EXECUTION_ONLY_ITERATIVE

the variation of scheme to submit only the EXECUTION tasks, but in contrast to the EXECUTION_ONLY scheme, here an iterative QCG-PilotJob task is used to run all tasks. It could be written as follows:

execution_iterative(s1, s2,... sN)

The schemes use different task types that need to be added to Executor in order to allow processing:

  • The SAMPLE_ORIENTED, STEP_ORIENTED``and ``STEP_ORIENTED_ITERATIVE schemes require ENCODING and EXECUTION tasks.
  • The EXECUTION_ONLY and EXECUTION_ONLY_ITERATIVE schemes require EXECUTION task.
  • The SAMPLE_ORIENTED_CONDENSED and SAMPLE_ORIENTED_CONDENSED_ITERATIVE require ENCODING_AND_EXECUTION task.

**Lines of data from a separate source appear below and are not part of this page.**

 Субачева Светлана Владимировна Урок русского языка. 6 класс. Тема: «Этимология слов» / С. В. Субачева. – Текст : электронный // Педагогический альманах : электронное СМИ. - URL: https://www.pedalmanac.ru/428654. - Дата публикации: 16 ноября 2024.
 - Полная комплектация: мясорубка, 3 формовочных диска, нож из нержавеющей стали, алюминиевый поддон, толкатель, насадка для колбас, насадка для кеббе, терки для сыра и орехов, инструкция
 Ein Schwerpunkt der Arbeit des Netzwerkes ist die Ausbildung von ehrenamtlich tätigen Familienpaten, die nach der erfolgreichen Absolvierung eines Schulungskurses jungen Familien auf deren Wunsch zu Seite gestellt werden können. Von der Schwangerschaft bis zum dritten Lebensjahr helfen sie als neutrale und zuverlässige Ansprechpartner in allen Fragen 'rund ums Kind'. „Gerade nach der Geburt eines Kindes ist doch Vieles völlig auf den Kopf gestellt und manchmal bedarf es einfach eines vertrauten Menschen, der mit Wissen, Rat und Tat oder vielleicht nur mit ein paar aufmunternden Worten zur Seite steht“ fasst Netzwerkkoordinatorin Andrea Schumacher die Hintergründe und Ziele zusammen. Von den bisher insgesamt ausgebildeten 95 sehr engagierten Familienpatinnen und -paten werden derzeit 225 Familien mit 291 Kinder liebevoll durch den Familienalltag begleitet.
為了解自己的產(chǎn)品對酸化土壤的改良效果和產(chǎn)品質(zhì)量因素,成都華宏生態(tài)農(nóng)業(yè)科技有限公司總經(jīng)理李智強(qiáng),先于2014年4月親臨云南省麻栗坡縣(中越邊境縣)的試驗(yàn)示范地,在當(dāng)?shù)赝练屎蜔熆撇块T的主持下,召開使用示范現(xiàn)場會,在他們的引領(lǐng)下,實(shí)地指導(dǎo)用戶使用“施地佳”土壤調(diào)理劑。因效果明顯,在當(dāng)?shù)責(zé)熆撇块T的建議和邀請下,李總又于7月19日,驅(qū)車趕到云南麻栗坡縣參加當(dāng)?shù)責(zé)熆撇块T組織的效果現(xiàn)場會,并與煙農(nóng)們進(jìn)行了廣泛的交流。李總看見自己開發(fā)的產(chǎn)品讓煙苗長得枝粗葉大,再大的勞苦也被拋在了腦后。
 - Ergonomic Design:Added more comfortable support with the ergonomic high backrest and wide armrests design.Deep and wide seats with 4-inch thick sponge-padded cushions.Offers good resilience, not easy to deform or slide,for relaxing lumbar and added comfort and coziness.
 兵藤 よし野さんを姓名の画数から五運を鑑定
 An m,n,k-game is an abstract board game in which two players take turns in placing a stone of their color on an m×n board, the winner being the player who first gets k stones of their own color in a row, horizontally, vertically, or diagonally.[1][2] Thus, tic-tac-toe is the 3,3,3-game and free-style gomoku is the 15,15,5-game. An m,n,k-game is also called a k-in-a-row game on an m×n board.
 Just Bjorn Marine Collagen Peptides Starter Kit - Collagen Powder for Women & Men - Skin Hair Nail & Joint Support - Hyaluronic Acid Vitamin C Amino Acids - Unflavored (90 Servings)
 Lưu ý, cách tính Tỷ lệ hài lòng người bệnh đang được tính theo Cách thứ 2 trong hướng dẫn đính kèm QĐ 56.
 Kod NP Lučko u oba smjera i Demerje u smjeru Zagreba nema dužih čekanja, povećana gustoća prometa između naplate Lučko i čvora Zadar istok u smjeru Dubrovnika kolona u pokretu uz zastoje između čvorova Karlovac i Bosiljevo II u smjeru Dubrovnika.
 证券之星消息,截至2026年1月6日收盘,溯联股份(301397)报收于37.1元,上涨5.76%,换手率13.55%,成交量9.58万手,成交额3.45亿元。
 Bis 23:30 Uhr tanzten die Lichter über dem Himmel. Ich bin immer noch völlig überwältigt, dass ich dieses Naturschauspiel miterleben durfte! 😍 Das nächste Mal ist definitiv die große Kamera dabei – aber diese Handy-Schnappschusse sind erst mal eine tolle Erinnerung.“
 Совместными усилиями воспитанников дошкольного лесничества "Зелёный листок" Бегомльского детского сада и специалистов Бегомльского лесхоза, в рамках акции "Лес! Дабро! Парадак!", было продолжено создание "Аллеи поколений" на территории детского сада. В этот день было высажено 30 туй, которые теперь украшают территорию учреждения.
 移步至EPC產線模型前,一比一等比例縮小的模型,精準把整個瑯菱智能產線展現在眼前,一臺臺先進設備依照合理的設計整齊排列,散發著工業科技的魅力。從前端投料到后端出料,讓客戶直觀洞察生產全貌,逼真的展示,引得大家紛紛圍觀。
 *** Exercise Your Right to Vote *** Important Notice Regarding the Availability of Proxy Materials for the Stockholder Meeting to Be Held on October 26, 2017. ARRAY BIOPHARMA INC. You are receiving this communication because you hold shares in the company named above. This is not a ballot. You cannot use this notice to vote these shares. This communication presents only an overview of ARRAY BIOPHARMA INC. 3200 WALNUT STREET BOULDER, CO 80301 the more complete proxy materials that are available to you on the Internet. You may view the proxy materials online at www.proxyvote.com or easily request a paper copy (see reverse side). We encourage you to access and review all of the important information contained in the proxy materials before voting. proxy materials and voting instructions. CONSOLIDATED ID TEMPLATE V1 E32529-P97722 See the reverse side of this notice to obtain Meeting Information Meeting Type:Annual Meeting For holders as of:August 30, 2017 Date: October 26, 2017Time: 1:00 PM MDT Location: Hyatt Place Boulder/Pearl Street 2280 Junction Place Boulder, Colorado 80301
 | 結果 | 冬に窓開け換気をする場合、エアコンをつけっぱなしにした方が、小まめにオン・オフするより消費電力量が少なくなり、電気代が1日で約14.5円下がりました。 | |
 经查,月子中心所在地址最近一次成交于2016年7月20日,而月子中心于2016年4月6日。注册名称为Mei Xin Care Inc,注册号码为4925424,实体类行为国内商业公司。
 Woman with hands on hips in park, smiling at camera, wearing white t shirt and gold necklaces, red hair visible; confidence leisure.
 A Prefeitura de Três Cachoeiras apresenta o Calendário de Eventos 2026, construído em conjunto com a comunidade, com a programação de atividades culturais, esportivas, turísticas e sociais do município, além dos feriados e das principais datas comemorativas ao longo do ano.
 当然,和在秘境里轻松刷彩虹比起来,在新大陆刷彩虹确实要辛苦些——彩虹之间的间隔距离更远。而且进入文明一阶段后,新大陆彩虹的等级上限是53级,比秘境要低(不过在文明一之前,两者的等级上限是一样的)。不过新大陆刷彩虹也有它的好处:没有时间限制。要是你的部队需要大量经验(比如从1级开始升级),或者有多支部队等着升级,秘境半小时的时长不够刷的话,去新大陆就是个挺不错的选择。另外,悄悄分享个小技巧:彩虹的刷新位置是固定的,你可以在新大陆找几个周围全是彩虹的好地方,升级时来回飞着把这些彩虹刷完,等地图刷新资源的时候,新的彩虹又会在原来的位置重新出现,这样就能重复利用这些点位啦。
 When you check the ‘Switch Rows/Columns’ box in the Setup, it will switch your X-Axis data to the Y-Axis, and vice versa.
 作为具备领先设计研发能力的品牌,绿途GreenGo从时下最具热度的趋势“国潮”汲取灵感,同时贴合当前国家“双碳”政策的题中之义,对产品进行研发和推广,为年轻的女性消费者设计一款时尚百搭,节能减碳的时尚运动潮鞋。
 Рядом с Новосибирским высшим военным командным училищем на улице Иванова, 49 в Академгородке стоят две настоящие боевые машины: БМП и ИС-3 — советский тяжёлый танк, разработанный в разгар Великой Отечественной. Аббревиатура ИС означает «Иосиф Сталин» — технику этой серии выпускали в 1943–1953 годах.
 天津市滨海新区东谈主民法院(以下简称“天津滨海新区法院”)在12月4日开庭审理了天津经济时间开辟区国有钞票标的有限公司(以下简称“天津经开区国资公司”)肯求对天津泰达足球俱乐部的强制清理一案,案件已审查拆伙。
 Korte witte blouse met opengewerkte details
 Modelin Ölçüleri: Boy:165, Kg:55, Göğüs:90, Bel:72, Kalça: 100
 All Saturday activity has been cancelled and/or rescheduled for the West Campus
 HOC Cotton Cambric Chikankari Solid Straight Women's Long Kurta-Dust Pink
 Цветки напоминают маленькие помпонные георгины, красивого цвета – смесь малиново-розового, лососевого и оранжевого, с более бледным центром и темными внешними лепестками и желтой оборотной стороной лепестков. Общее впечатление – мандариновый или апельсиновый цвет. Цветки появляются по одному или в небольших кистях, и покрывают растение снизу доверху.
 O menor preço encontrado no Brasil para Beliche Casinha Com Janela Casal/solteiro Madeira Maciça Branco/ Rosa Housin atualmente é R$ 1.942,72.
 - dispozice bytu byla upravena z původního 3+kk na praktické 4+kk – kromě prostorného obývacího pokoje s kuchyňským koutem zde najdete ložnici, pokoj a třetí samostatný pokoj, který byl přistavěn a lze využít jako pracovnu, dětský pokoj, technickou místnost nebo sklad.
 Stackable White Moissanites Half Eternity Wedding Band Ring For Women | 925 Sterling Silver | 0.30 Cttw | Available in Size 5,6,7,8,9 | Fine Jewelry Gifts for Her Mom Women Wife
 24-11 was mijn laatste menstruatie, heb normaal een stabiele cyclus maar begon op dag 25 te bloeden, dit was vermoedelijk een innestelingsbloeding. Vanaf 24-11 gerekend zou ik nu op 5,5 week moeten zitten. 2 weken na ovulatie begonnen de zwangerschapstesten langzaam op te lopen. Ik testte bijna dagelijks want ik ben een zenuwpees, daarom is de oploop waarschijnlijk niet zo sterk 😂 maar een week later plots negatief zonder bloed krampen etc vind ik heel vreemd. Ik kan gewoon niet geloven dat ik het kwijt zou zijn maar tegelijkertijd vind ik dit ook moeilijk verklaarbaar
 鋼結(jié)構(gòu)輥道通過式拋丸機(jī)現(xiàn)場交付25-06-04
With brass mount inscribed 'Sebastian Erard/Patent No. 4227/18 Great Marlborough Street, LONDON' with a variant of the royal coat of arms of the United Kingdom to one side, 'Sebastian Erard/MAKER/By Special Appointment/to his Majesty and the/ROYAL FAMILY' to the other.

The efficiency of the schemes may significantly differ depending on use case and resource requirements defined for execution of both the whole PilotJob and the individual task types. For many scenarios the iterative schemes could run a bit better, but there is no general rule of thumb that says so, and therefore we encourage you to test different schemes when the efficiency is priority.

Passing the execution environment to QCG-PilotJob tasks

Since every QCG-PilotJob task is started in a separate process, it needs to be properly configured to run in an environment consistent with the requirements of the parent script. On the one hand, EasyVVUQ allows to easily recover information about the campaign from the database, but some environment settings, such as information about required environment modules or virtual environment, have to be passed in a different way. To this end, EasyVVUQ-QCGPJ delivers a simple mechanism based on an idea of bash script, that is sourced by each task prior to its actual execution. The path to this file can be provided in the EQI_CONFIG environment variable. If this environment variable is available in the master script, it is also automatically passed to QCG-PilotJob tasks.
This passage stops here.